Somit macht das MERGE Statement also das Prüfen, "Ist es schon da?, dann UPDATE, sonst INSERT" überflüssig und vor allem schneller, da ich nicht jeden Satz prüfen muss,  sondern auch eine ganze Datenmenge "mergen" kann.

Ich hab das Beispiel übrigens nochmal getestet und bei mir gehts einwandfrei. Ich kann mir jetzt nur noch vorstellen, dass entweder deine Tabellenspalten anders rum definiert sind als bei mir ? (DESC) 
oder dass es tatsächlich Unterschiede wegen der Version gibt, wobei mir dann das Verhalten unter 9.2.0.1 nicht ganz klar wäre...?


----------



## flowerpower (26. Mai 2006)

Danke für die Erklärungen. Merge hatte nicht funktioniert, aber ich hatte es anders gelöst.
Die Worte als PrimaryKey und dann ein Insert (wenn Wort schon existiert, dann gab es eine DUP_VAL_ON_INDEX-Exception und es wurde ein Update gemacht, wobei die Position ergänzt und das Vorkommen hoch gezählt wurde). Problematisch war, dass ich bei der Exception aus dem gesamten Block geflogen bin.

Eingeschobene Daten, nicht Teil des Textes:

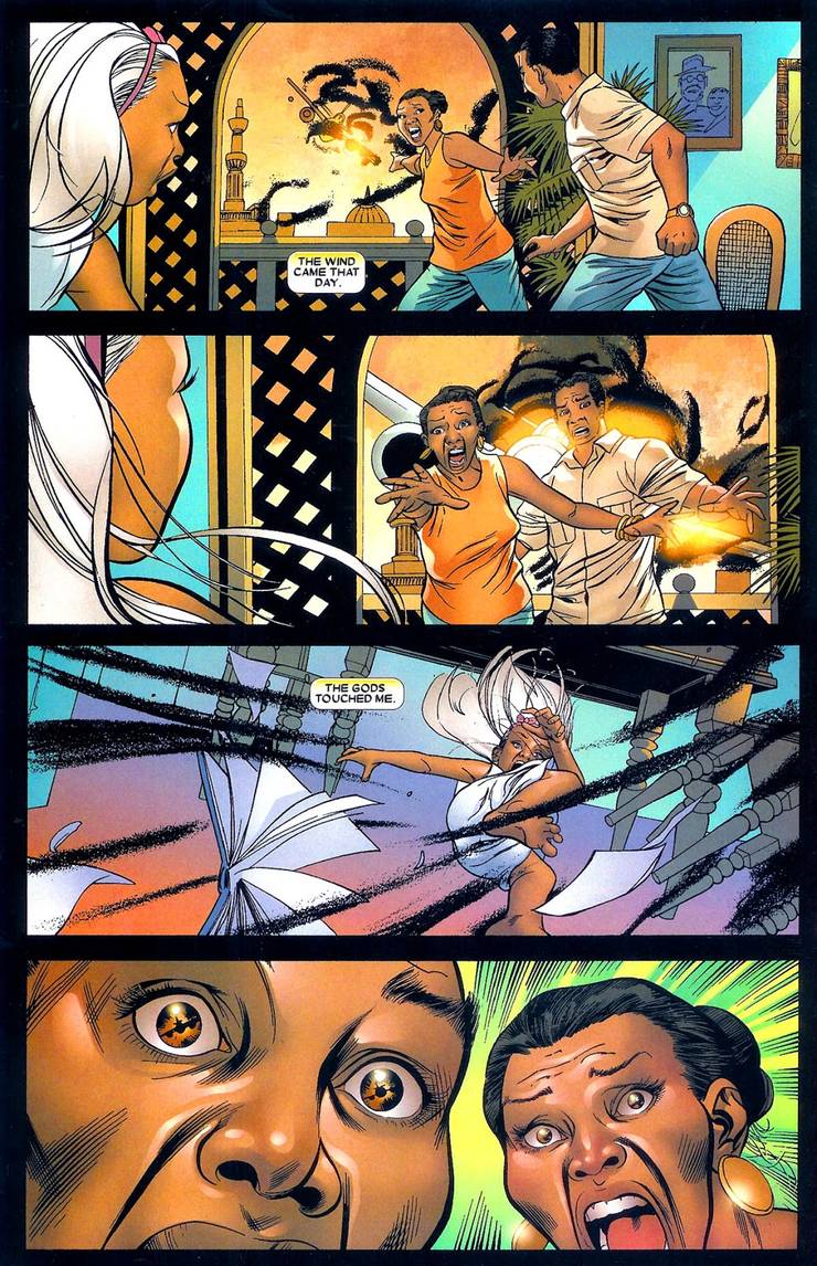 Mas o mais importante, vemos que os poderes mutantes de Tempestade foram acionados bem cedo, devido à uma crise, da mesma forma que Jean Grey e Scott Summers tiveram seus poderes acionados mais cedo do que o normal devido a uma crise.
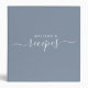 Add your custom name and make this elegant minimalist recipe 3-ring binder a personal inspiration for all your cooking. Chic hand lettered script and the dusty blue and white typography design make this cookbook a beautiful and unique addition to your family kitchen.
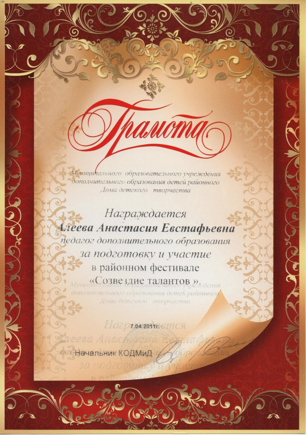 - получила дипломы за победу в районных фестивалях, конкурсах, где принимала личное участие

Da habe ich eine Weile gebraucht.

Eine Lösung habe ich dahingehend gefunden das Insert in einer Procedure aufzurufen, somit beendet die Exception nur die Prozedur und verbleibt in der eigentlichen Loop.

Gruß. flowerpower


----------



## Exceptionfault (29. Mai 2006)

Um in einer Funktion Fehler abzufangen kannst du intern auch BEGIN ... EXCEPTION ... END Blöcke definieren und verschachteln.


----------



## flowerpower (29. Mai 2006)

Danke für den Hinweis , ich werde es mal probieren.

Gruß. flowerpower


----------